К столбу подошел первый английский солдат. Его красный мундир с золотыми пуговицами сверкал сквозь туманную дымку.

– Огонь! – скомандовал Старк.

Маркус и остальные ополченцы первой цепи вскочили на ноги.

Английский солдат был ровесником Маркуса. Схожестью лиц они вполне сошли бы за двоюродных братьев. Англичанин смотрел прямо на него, удивленно открыв рот. Маркус прицелился.

– Стрелять не раньше, чем увидите белки́ их глаз! – крикнул Старк.

Британский парень удивленно выпучил глаза.

Маркус спустил курок.

Левый глаз англичанина превратился в темную дырку. Оттуда потекла струйка крови, быстро став струей.

Маркус застыл, не в силах шевельнуться.

– Ложись! – крикнул Коул, опрокидывая его на землю.

Маркус упал, выронив мушкет. В животе бурлило. Голова кружилась, в ушах звенело, а глаза жгло.

Судя по громким щелчкам, англичане примкнули штыки, затем с криками побежали в сторону стены. Из-за их спин летели пули, выпущенные по колонистам.

Старк взмахнул красно-зеленым флагом. Коул и вторая цепь поднялись на ноги.

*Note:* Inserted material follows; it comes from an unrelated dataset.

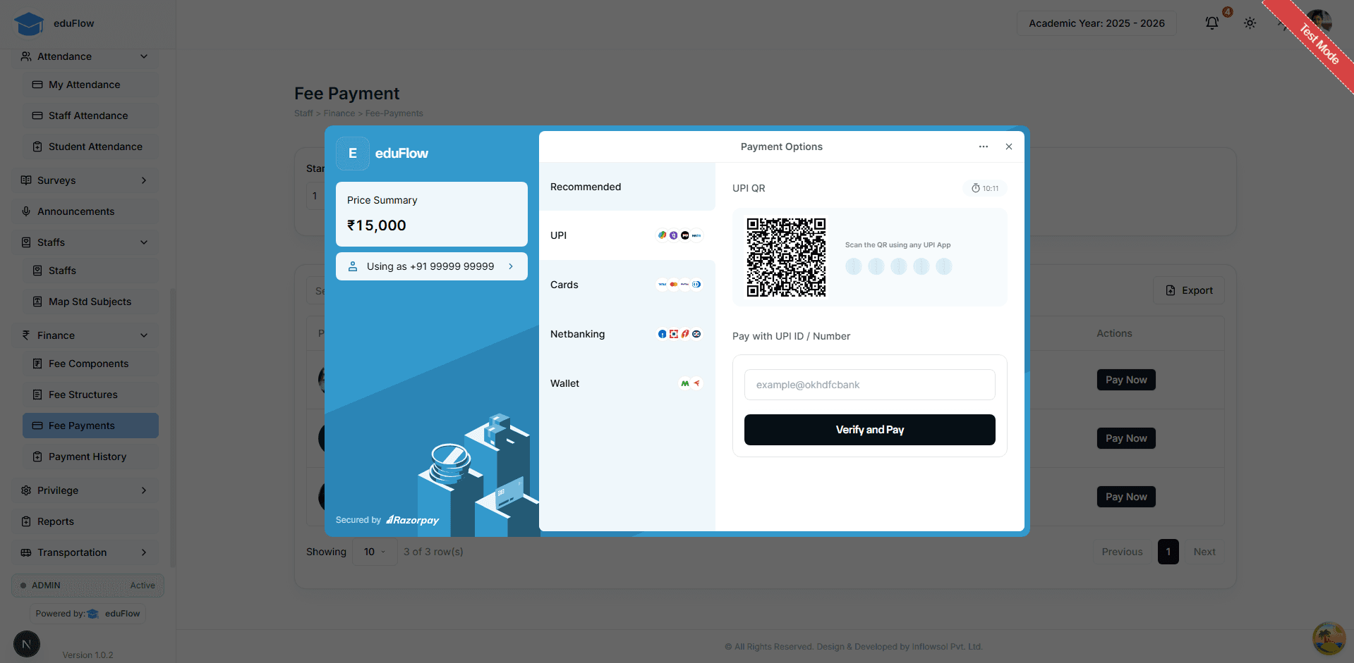 Quick, transparent, and secure school fee collection. Parents pay fees online via UPI or card through the Eduflow app.

Маркус лежал на спине и видел, как одна пуля перелетела через бастион. Он оцепенел: пуля ударила Коула прямо в грудь, когда тот целился из длинноствольной винтовки. Коул захрипел и упал, но все-таки успел выстрелить.

Послышались удивленные крики англичан. Они явно не ожидали, что второй залп последует так скоро. Крики сменились стонами. Пули колонистов нашли свои цели.

Маркус подполз к Коулу.

– Он мертв? – спросил Джимми с круглыми от ужаса глазами. – Боже, неужели он мертв?!

Коул смотрел в небо, но уже ничего не видел. Маркус прильнул к его груди, надеясь услышать дыхание.

И не услышал.

Он закрыл Коулу глаза.

Старк подбросил флаг в воздух, намеренно провоцируя англичан на огонь.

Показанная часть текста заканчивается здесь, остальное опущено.